- [Records for this task]
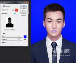 下方颜色替换为蓝色(0,0,255),点击确定,我们可以发现背景已经改好了,但是人物的脸部也变了颜色,这里我们需要调整一下细节,在蓝色背景的图层上添加蒙版
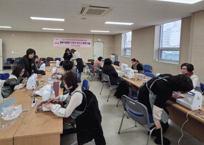 À̳¯ Çà»ç´Â ¿¬¸» ¿¬½Ã Ãß¿öÁö´Â ³¯¾¾¿¡ ü¿Â À¯Áö¿¡ Å« µµ¿òÀ» ÁÖ´Â ¸ñµµ¸®¸¦ Á¦ÀÛÇÏ¿© °ü³» Àå¾ÖÀκ¹Áö½Ã¼³ ÀÌ¿ëÀڵ鿡°Ô ¿Â±â¸¦ ³ª´©±â À§ÇØ ¸¶·ÃÇÑ °ÍÀ¸·Î ¿©¼º´Üü ¼Ò¼Ó ȸÀåµéÀÌ ÀçºÀƲÀ» »ç¿ëÇÏ¿© 50¿© °³ÀÇ ¸ñµµ¸®¸¦ Á÷Á¢ ¸¸µé¾î ¡®Á¤¼º¡¯À̶ó´Â °¡Ä¡¸¦ ´õÇß´Ù.
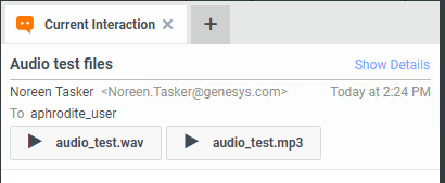 Any files attached to the email interaction appear here. Depending on the browser you use, you can click on the attachment to download, open, or save the file. Note: If your browser supports playing a particular type of audio file, a Play button appears in place of the file type icon. Click Play to play the complete audio file. During playback, a Stop button replaces the Play button.
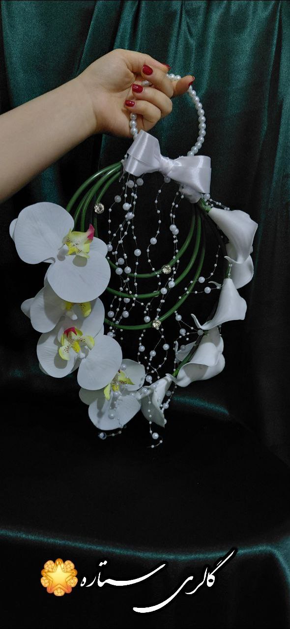 دسته گل عروس مدل شیپوری و ارکیده لمسی با دیزاین مرواریدی
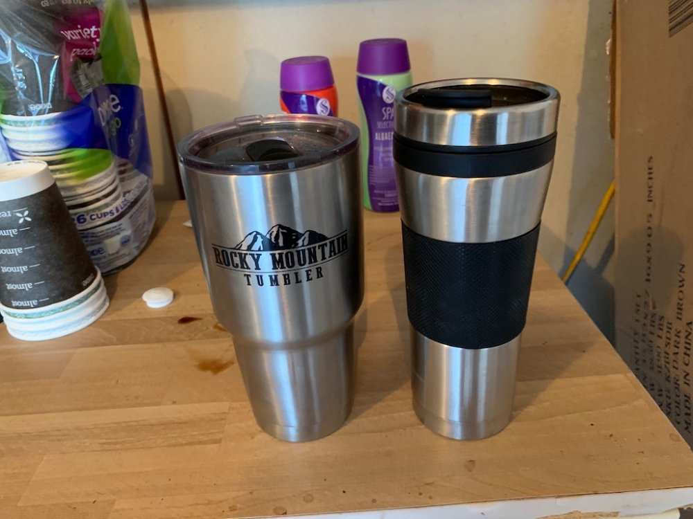 OK...somebody left a couple of travel mugs at MD. Shoot me a PM with our address and I'll send them to you.

- [What this task involves] Write out exactly the lines from the line that contains "دسته گل عروس" through the end of the material, including both ends. No pictures belong in the copy.

- [Answer section]
 دسته گل عروس مدل شیپوری و ارکیده لمسی با دیزاین مرواریدی
 OK...somebody left a couple of travel mugs at MD. Shoot me a PM with our address and I'll send them to you.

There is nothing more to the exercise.